Dwight D. Eisenhower


As an experienced COO and Project Manager, with 15 years of experience working with B2B clients of all sizes, I've encountered numerous website planning projects that have many of the same challenges in common. These are big, highly visible projects, both internally and externally and it is vitally important that you set yourself on the right course to succeed. We have decided to create a guide that will assist our clients as well as organizations going through a project like this to plan and execute successful web projects.

Throughout my career, I have witnessed how the absence of a well-thought-out plan and preparation at the outset can lead to project failures, missed deadlines, and increased costs. Often this happens with the best of intentions as once a project is signed off, everyone wants to jump in and get going. With this guide, I aim to address many of the common pitfalls that often go unrecognized as you embark on a project of this sort (or are only recognized when it's too late). The idea being that this will help stakeholders navigate the complexities of web development, identify potential pitfalls, and ensure that their web projects are delivered on time and within budget.

This will be the first chapter of three on the topic…


Preparation and alignment of expectations:

One of the biggest risks to a web development project is the potential for scope creep and misaligned expectations, both internally and with your agency. This can happen when your team's expectations for the project change over time, resulting in additional work for the development team. This is why it is incredibly important to speak with your agency to make sure you are aligned on expectations from the outset.

Personally, I have always appreciated the illustration below when we think about the quality, cost and speed of something. The idea being that you can have two of these, but never all three. So if it's fast and good, it won't be cheap, if it's fast and cheap, it won't be good, and so on. Being honest with yourself on this principle will serve you well in this process.

Some common issues that are worth keeping in mind:

  1. Aggressively negotiating on price whilst trying to maintain the same level of functionality rarely ends well for either party. It sometimes gives you the sense that you “won” but in reality it sets you on a path where it is an imbalanced partnership at best. It is better to be fair and realistic up-front so everyone knows where they stand.

  2. Same goes for timelines, be realistic and honest about your timelines and even more important, about what is driving them. Often clients do have justifiably fixed deadlines, with good cause. But equally there are often those who make up deadlines and make a project timeline needlessly tight which creates all sorts of knock on problems. We would much rather be honest up front and deliver on a realistic timeline vs. agreeing to an abbreviated timeline knowing there is a high risk of missing it, leading to some very awkward knock ons.

  3. If an agency's proposal seems surprisingly inexpensive than the others you have engaged in the process, this should also be carefully vetted to make sure they will deliver what you believe you need - “the poor man always pays twice” very much applies in this realm.

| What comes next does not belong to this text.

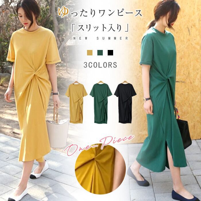 ワンピース レディース 夏ワンピース マキシワンピース 薄手 半袖 アシンメトリー ロングワンピース スリット ゆったり

To mitigate this risk, it is important to clearly define the scope of the project in a project proposal or contract. This should include a detailed list of the features and functionality that will be delivered as part of the project. It can also be a wise idea to include within the estimated cost a contingency fund that is held separately that can be used for any unplanned changes to the scope so that cost is already factored into your marketing budget. 

It’s the classic, the more work you put in at the start, the easier it will be in the end. And we can help guide you through this. What often will set you up to fail is a poorly defined idea of what you want and then only starting to understand what you do want, when you see what you don't want.

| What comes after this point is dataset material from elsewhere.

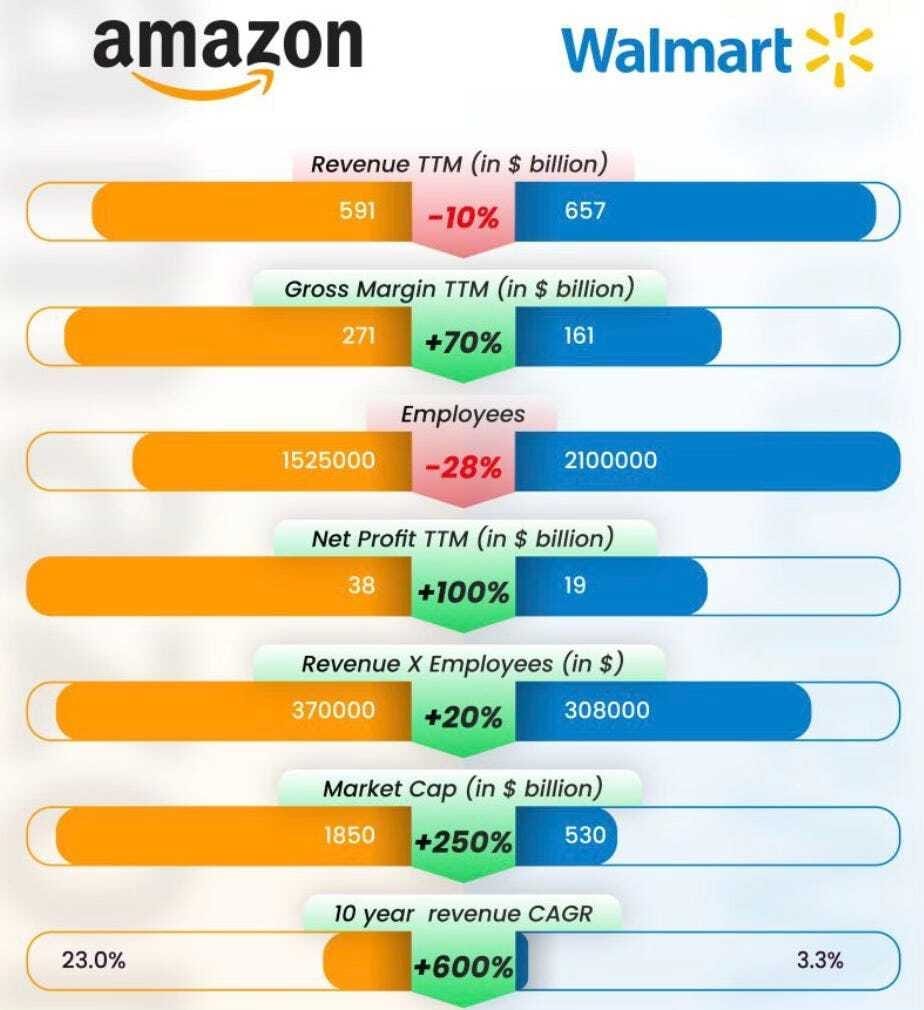 Interesante infografía y data de Joshua Novick que muestra lo cerca que ya está Amazon de superar a Walmart.

Managing internal communications and buy-in on your team:

Another risk to a web development project is the potential for team members to become disengaged or lose motivation. This can happen for a variety of reasons, such as unrealistic timelines, conflicting priorities, or a lack of clear communication. To manage this risk, it is important to ensure that team members are fully bought-in to the project from the outset and feel like they are consulted or informed on what is happening (RACI can be your friend here). This can be achieved by involving them in the planning process and keeping them informed of progress and any changes to the project.


Managing risk and common pain points:

There are many other risks that can arise during a web development project, such as technical issues, budget constraints, or changes in client requirements. To manage these risks, it is important to have a robust project management process in place. This should include regular check-ins with the whole team to ensure that everyone's needs are being met and any issues are addressed in a timely and direct manner. It is also important to have contingency plans in place for unexpected events, such as the loss of key team members or delays in the project. This is something our Project Management team excels at and will be key to successful delivery.


Validating and mitigating risk in your CMS decision:

One of the key decisions that a web development team will make is the choice of content management system (CMS). There are many different CMS options available, each with its own set of pros and cons - and many people have strong opinions on the good and the bad. 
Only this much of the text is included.